This, however, leads us directly to the question of identities, that is, to the question of
differences and similarities. For, if so was the case regarding the meaning of the term
"culture", what would then make one culture different from another, or one group of
people different from another in the same culture, or indeed one person different from
another in the same group? Paradoxically, the strong areas of commonness among human
beings do not neutralize their respective distinctive particularities.

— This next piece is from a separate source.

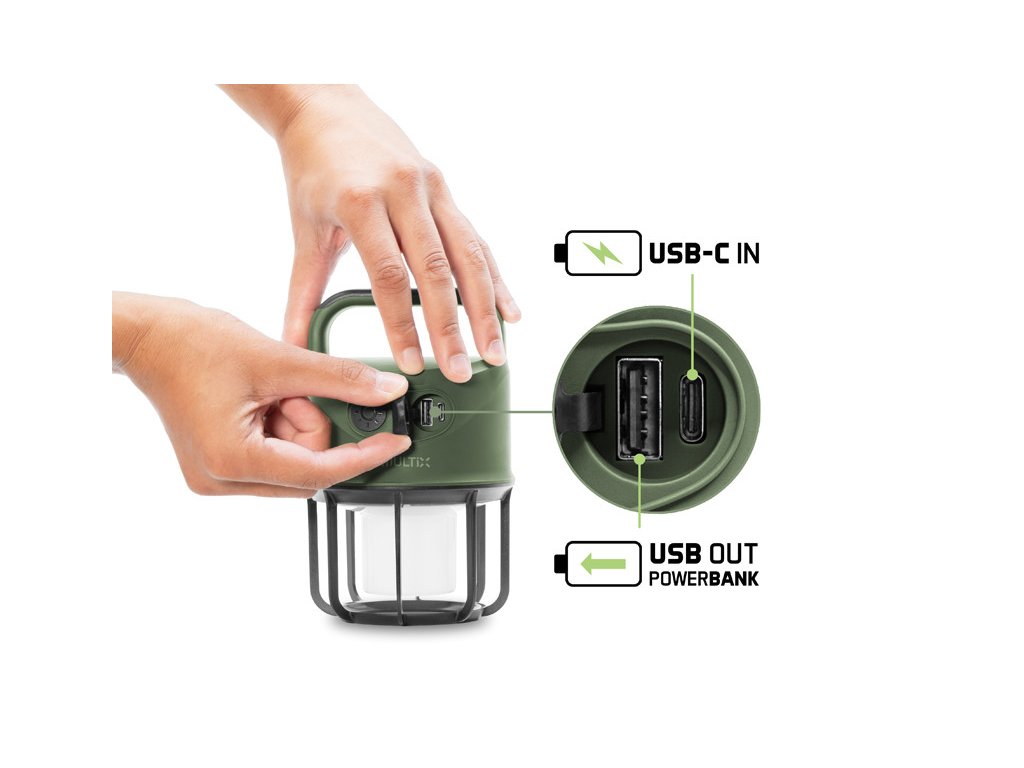 Delphin MULTiX je praktická nabíjateľná kempingová lampa, ktorá kombinuje vysoký svetelný výkon, dlhú výdrž a odolnú konštrukciu. Vďaka USB-A portu, ktorým je lampa vybavená tiež poslúži ako powerbanka.

Rather, in more ways
than one, such areas themselves work to strengthen these particularities' uncompromising
existence.
Identity: The specific traits, both physical and intellectual, clarifying the
particularity of a person or a group.
Social Act: Every activity sprung from an individual or a group and aimed at an
individual or a group.
Cultural Act: Every activity that transgresses the confines of a person's or a groups'
abstract thinking and passes to a practical or a social space of any sort.
Questions:
Define the following terms: "Culture"," Social Act" and "Cultural Act"?
In what way does the term "Culture" define you as a human being?
Lecture Two:
Cultural Identity
2. General and Individual Cultural Identities:
But, first we aught to clarify what is meant by commonness and particularity. There are
general cultural attitudes and behaviours shared by all groups of people all over the
globe. For example, we all speak a language, have organizational social systems (kinship
relationships: father, son, husband, wife, ant, uncles and so on…). We all play sports (any
sports), exercise a sort of social customs and habits, live in dwellings or homes and so on.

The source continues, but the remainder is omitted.